(1 year, 6 months ago)
Commons ChamberAs a now non-practising former consultant psychiatrist, I have a host of declarations I should make in terms of speaking in this debate. For the sake of brevity, I draw attention to my entry in the Register of Members’ Financial Interests and my declarations as part of my work on the pre-legislative scrutiny Joint Committee, which list them in full.
This is an important debate and I shall focus on two angles. One is the delivery of mental health care and treatment and the other is the framework for that. I want to celebrate today the rebuild of the Abraham Cowley unit in my constituency. It gets rid of the awful dormitories that have plagued mental health care and treatment for some time. They are now gone, and we will have a brand new, rebuilt mental hospital. In fact, tomorrow, I am going to the topping out ceremony on the site to see the progress in delivering that. It will make a huge difference to the delivery of mental health care.
I used to work as an in-patient consultant psychiatrist. When people come into hospital for in-patient psychiatric treatment, it is often at the most difficult times of their lives. It is critically important that our mental health estate is fit for purpose and is a therapeutic environment. For too long, the mental health hospital estate has been the second cousin to acute physical health care and I am delighted that we are driving change forward in my patch. If people need in-patient care and treatment, they will get it in a new hospital that is fit for purpose. I just want to celebrate that and thank everyone who has been involved in getting it over the line, as well as all the people who work in that sector, including those who are looking after the patients who would have been in the old hospital, which is now a building site, and going through a stressful period of transition while the new hospital is set up.
My second point is about the draft Mental Health Bill. A few years ago, my right hon. Friend the Member for Maidenhead (Mrs May), the former Prime Minister, suggested that we should review the legal framework we use when we treat people who are unable to consent or do not consent to treatment. Around every 20 years or so, we go through this process. We should be proud as a country that we have always been at the forefront of driving forward legislation and legal frameworks for dealing with people who cannot consent to treatment, the law of best interests and capacity. I was fortunate to be a panel member of the Simon Wessely review. I did that as part of my previous academic life, so Members can imagine my pride and delight in being part of the pre-legislative scrutiny Joint Committee on the draft Mental Health Bill.
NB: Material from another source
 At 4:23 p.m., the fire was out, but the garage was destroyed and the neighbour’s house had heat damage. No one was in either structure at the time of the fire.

I am slightly saddened by the debate today, because mental health—especially the frameworks we use to treat people who are severely unwell—needs to be above party politics. We are discussing the most invasive thing we do in medicine—detaining and treating people in hospital, sometimes for a substantial time. We need to think carefully about the right balance between choice, freedom and autonomy and making sure that people get the care that they need at the right time and under the right framework. I am glad that the Government have done pre-legislative scrutiny and we have worked on a cross-party basis to get this issue over the line. I hope that we will see the mental health Bill very soon.
My final point is about psychosis. The Government’s amendment mentions the treatment of psychosis, which I know is often missed out in these debates and when people talk about mental health. Psychosis is one of the most disabling mental disorders and far and away the most costly and impactful, because it can affect people when they are quite young—
It is incredibly helpful to have my hon. Friend’s detailed experience in this debate. Why does psychosis get missed out?
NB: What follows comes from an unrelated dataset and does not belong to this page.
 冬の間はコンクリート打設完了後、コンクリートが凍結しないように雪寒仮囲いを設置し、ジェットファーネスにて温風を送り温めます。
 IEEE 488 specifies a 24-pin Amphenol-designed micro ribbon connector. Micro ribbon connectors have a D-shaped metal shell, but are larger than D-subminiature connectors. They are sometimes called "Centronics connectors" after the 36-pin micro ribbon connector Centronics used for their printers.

It is simply because of advocacy; the conditions debated tend to be mental health conditions for which people can advocate. We talk a lot about dementia, and the children of those suffering tend to advocate for them. For CAMHS, it is the parents who advocate. For common mental disorder, people are able to advocate for themselves, but psychosis can be—I do not want to make a broad generalisation—disabling and isolating, and can limit people’s ability to advocate for themselves. From my research, I know that psychosis can break down family relations and alienate people. I am nervous about broad generalisations, and for the most part people can get better and do very well, but in some cases psychosis can be very disabling and limit advocacy.